An equivalent circuit diagram, i.e. a model of the measurement setup, can be used to reconstruct the locus curve. The electrode impedances of the first and second electrodes, which are often also referred to as contact resistance, are mapped together, for example, by connecting an ohmic resistor and a capacitor in parallel. The electrode impedances each reflect the electrode contact resistance. The electrode impedances combined in the RC element are connected in series with the tissue resistance between the two electrodes, for example. Depending on the position of the first electrode, the tissue resistance includes the resistance of the root canal and/or only the resistance of the other tissue between the end of the root canal, i.e. apex, and the oral mucosa or lip, i.e. the position of the second electrode.

For this equivalent circuit diagram, for example, the locus curve in the complex plane has a circular shape with a center point on the real axis. This locus has for the Fre quenching f = 0 and f = ∞ points of intersection with the real axis. For f = 0, the resistance of the RC element is reduced to the ohmic resistance, so that the locus depicts the sum of the series-connected ohmic resistances of the equivalent circuit diagram, i.e. the sum of the tissue resistance between the electrodes and the real resistance of the electrode. For f = ∞, the locus shows the tissue resistance alone, since the impedance of the RC element, i.e. the electrode impedance, is reduced to zero.

Based on the equivalent circuit diagram described above, the electrode impedances can thus be neutralized and the desired tissue resistance between the two electrodes can be determined by allowing the frequency of the AC voltage to approach infinity. However, a direct measurement for f = ∞ can only be carried out approximately.

Therefore, the impedance measurements are carried out for realizable frequency values and the locus curve is then reconstructed using the impedance measurement values, so that the final impedance value sought can be read from the reconstructed locus curve.

Due to geometrical considerations, the exact spatial course of a circle can be clearly determined using two points lying on the circle and a circle center lying on a known straight line.

Since the locus curve for the equivalent circuit diagram described runs in a circle around a center point lying on the real axis, it is possible to calculate the locus curve of the impedance for this model of the measurement setup using two measured impedance values for two different frequencies of the alternating current applied.

Since the impedance value of this calculated locus for the case f=∞ precisely reflects the ohmic tissue resistance of the root canal and other tissue, the tissue resistance of the measurement setup can be determined or read from the reconstructed locus.

Advantageously, a measured impedance value is measured for at least three different frequencies of the applied AC voltage and a locus curve of the impedance is calculated on the basis of the three measured impedance values.

The course of a circle can be clearly reconstructed using three points lying on the circle.
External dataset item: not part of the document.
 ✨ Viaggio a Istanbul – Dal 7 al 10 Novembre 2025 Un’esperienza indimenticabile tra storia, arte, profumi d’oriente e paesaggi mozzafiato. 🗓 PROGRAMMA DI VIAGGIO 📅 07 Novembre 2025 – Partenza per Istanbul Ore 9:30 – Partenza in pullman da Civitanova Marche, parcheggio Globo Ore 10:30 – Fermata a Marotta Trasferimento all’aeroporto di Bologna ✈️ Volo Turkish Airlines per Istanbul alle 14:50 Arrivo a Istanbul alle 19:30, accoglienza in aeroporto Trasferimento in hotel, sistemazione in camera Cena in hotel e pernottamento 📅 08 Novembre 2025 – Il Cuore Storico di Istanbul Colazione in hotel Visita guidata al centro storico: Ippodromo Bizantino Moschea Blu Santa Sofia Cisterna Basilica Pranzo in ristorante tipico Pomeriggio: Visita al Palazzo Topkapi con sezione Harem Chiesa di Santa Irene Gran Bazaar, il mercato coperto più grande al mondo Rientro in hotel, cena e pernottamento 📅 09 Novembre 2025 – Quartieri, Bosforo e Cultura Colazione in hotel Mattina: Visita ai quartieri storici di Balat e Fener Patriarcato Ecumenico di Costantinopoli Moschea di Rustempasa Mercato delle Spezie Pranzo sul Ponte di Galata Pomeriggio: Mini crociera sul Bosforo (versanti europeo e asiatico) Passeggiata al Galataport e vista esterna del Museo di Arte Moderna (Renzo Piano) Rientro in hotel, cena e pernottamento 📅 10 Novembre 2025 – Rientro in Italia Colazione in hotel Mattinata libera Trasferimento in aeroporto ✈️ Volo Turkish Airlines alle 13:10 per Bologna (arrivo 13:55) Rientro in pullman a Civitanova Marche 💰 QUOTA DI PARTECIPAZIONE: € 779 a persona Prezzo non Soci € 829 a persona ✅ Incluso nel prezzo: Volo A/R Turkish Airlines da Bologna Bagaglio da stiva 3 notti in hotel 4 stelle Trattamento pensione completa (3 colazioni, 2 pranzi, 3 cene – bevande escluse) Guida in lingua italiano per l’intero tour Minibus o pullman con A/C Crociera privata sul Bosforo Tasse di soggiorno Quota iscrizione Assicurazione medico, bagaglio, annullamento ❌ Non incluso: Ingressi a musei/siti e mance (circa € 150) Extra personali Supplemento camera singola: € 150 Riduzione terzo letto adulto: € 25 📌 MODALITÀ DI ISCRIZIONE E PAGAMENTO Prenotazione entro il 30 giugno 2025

Therefore, at least three impedance measurement values measured for different frequencies make it possible to unambiguously reconstruct the course of a circular locus curve in the complex plane, regardless of whether other boundary conditions, for example the position of the center of the circle, are known.

Advantageously, at least one further impedance measurement value is measured for the at least two or at least three impedance measurement values (I1, I2, I3) and is used to calculate the locus curve.
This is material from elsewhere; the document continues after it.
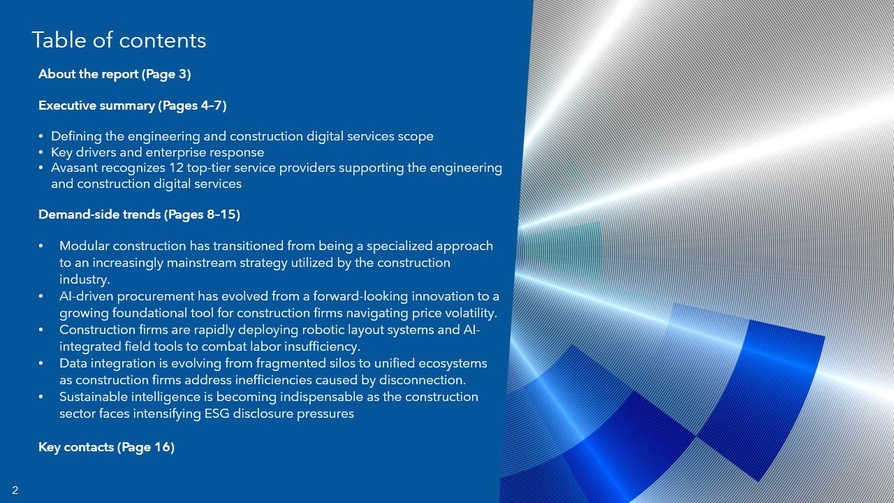 Read the Research Byte based on this report. Please refer to Avasant’s Engineering and Construction Digital Services 2025 RadarView™ for detailed insights on the service providers and supply-side trends.

This makes it possible to increase the accuracy of the reconstruction of the locus or to compensate for errors in the measured values or at least to reduce their influence on the result. For example, a first locus curve can be calculated using at least two or three measured impedance values and used as the starting value for a compensating calculation based on all available measured impedance values.

The target value is advantageously between 6.0 kΩ and 6.5 kΩ. This corresponds to the known literature value for the ohmic resistance between a root canal tip and the oral mucosa or the lip.

character list

• 1 einen Messaufbau zur Bestimmung der Apexlokalisierung,
• 2 ein Ersatzschaltbild für den Messaufbau aus 1,
• 3 eine Ortskurve der Impedanz für das Ersatzschaltbild aus 2.

The inventive method is explained with reference to the drawing. Show it:

• 1 a measurement setup to determine the apex localization,
• 2 an equivalent circuit diagram for the measurement setup 1 ,
• 3 a locus curve of the impedance for the equivalent circuit diagram 2 .

embodiment of the invention

1 outlines a measuring setup for the method according to the invention, which comprises two measuring electrodes 1 , 2 and an alternating current source 3 with variable frequency f and a measuring device 6 . The first measuring electrode 1 is inserted into the root canal 4 of a tooth. For this purpose, the first measuring electrode 1 is designed, for example, as a thin rod or file. The second measuring electrode 2 is arranged on the gums 5 . For this purpose, the second measuring electrode 2 is designed, for example, as a hook that can be hung over the lip of a patient.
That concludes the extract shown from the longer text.